Image: Institute of Advanced Studies

Prof Jim Al-Khalili (University of Surrey), Prof Johnjoe McFadden (University of Surrey, Prof Vlatko Vedral (University of Oxford), Prof Greg Engel (University of Chicago), Prof Nigel Scrutton (University of Manchester), Prof Thorsten Ritz (UC Irvine, USA), Dr Paul Davies (Arizona State University), Dr Jennifer Brookes (Harvard University), Prof Greg Scholes (University of Toronto).
Image IAS (Institute of Advanced Studies)

Professor Johnjoe McFadden, from the University of Surrey's microbial biology department, who co-hosted a September workshop on quantum biology at the university, said: "Life is the most bizarre phenomenon in the whole universe and it's always struck me that it's difficult to account for by classical models, and that's what attracted me to thinking about quantum biology.

"Most biologists are familiar with thermodynamics but they know very little about the theory that blew classical physics away - quantum mechanics."

Evidence has emerged suggesting that plants use a form of quantum computing to calculate how best to direct energy through their photosynthetic apparatus - possibly exploring numerous pathways simultaneously and choosing the most efficient.

Scientists have also discovered that some birds appear to use quantum entanglement to sense the earth's magnetic field, helping to explain how they can migrate long distances using the field.

There is also good evidence that enzymes use a process known as quantum tunnelling to catalyse chemical reactions, allowing particles to pass through barriers at hugely accelerated rates.

Although normally observed in precise, carefully controlled laboratory conditions at extremely low temperatures, it seems that quantum effects in the in the warm and wet biological world are real, and researchers are attempting to find out why and what it means for the natural world.

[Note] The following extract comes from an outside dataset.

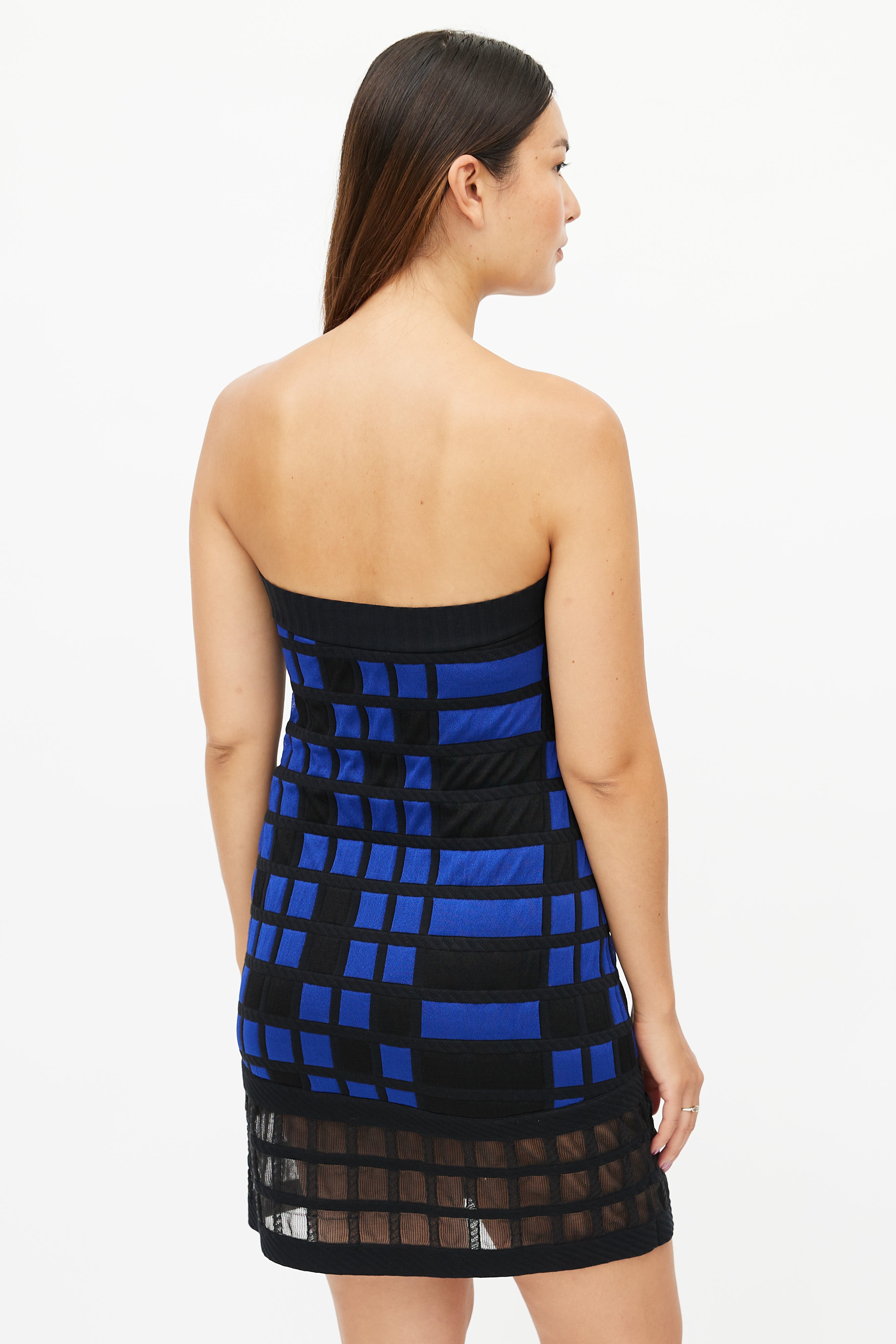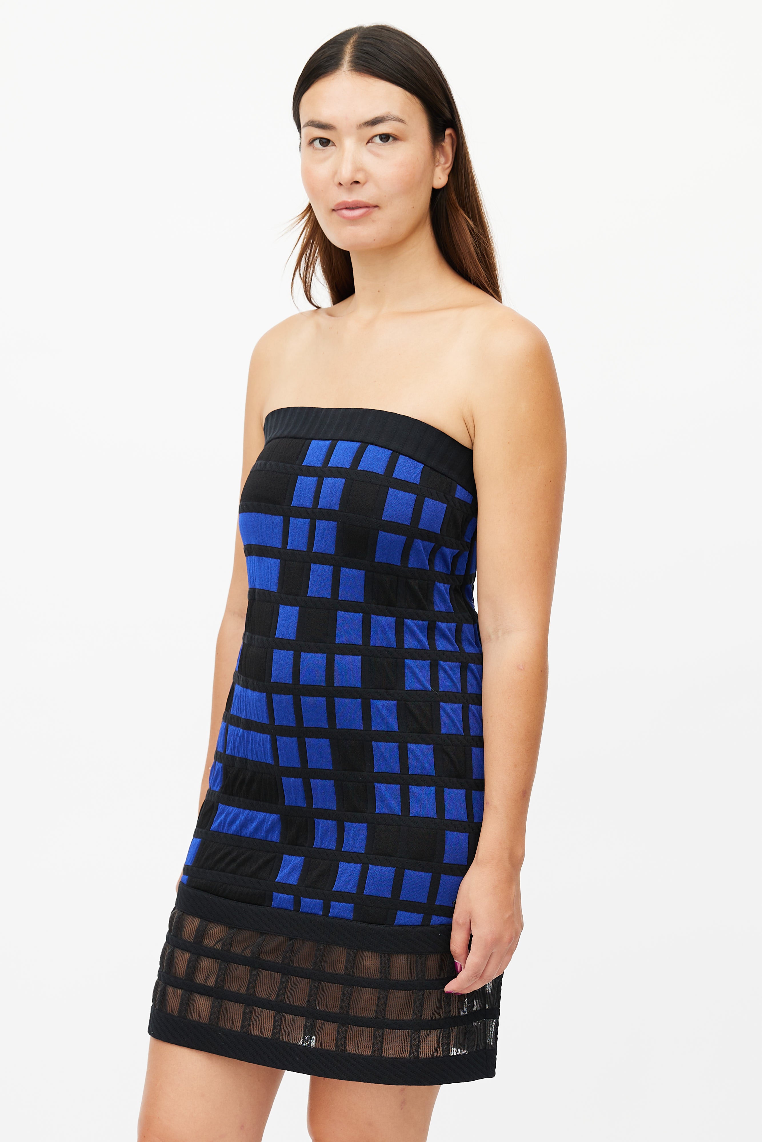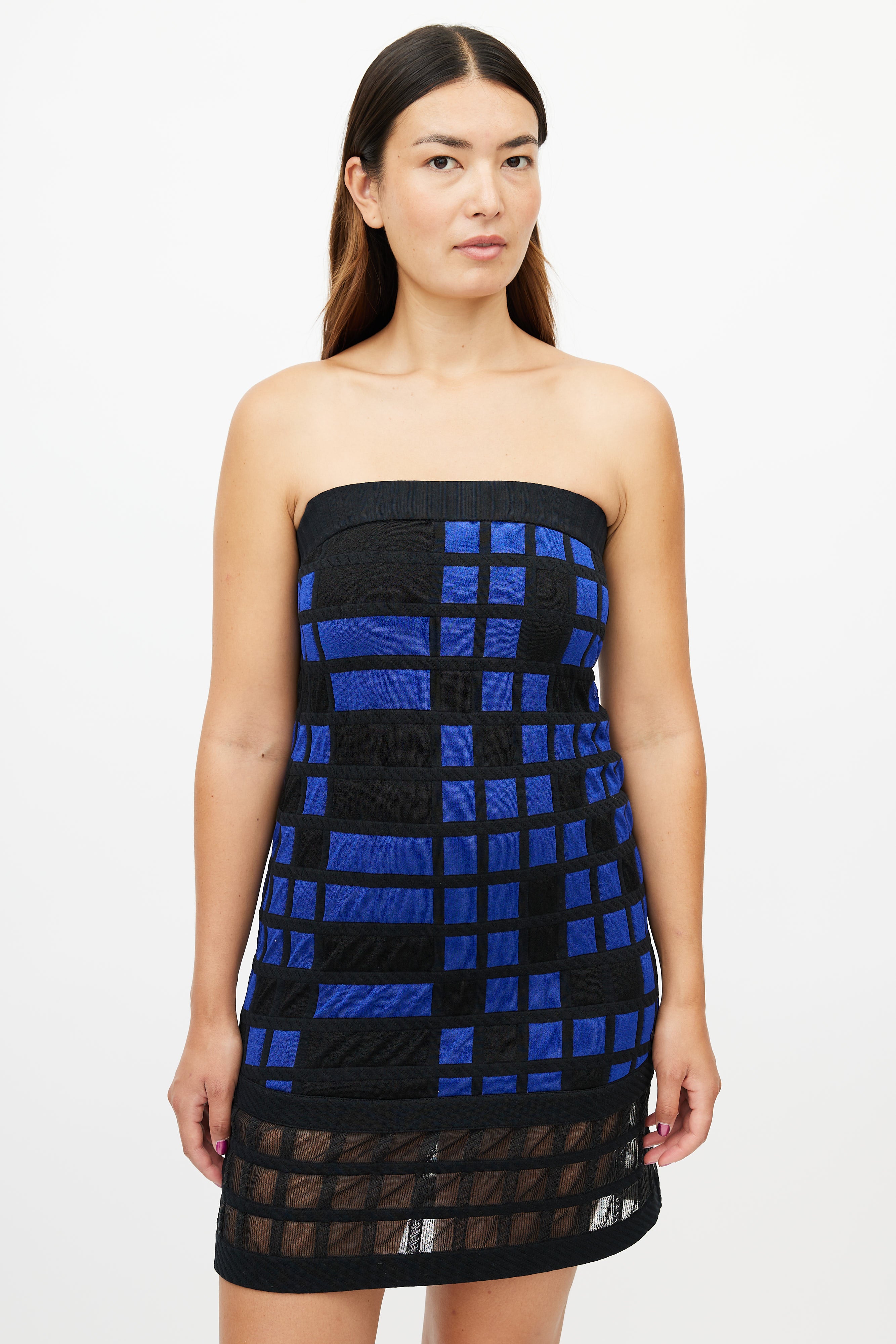 Pre-owned Spring 2013 Chanel black and blue dress featuring concealed zip closure at side, checked intarsia, logo hardware at hem, and sheer checked panel at hem. Look 35 from the collection.

The workshop, called "Quantum Biology: Current Status and Opportunities" was sponsored by the BBSRC, the Institute of Advanced Studies and the MILES programme at Surrey University and gave international researchers who have made landmark advances in the fledgling field a chance to share knowledge.

Speaking alongside fellow organiser Professor McFadden, Jim Al-Khalili, professor of physics at Surrey University, said: "To say we want to look for these sort of mechanisms and phenomena in biology you might imagine is one step too far, after all many physicists asked about whether the weirder aspects of quantum mechanics play a role in biology will say 'well clearly not'. There's that same well-rehearsed argument that biological systems are warm, wet, messy, complex, there's no way that they can maintain this delicate quantum coherence.

"It's amazing to think that experimental biology is now at a stage where we can probe whether those sorts of weirder aspects of quantum mechanics are important.

"It's still a new field but the fact is biologists are now able to carry out such sophisticated experiments that quantum physicists really do believe they can actually test some of their ideas."

At the moment the field is tiny, with perhaps just a few dozen scientists around the world working on it, but it is expected to grow in the coming years

Co-organiser Vlatko Vedral, professor of physics at the University of Oxford, said: "We think that entanglement is a really fragile phenomenon and it involves only a small number of particles and it's very difficult to generate and manipulate and so on.

"But then at some stage I think this story changed significantly… and I realised that in fact it shouldn't be that difficult to witness the presence of entanglement in macroscopic objects.

"Given that biology is nothing but an application of the laws of chemistry and given that chemistry is nothing but quantum physics really, then biology should actually find instances where entanglement and quantum coherence plays a role."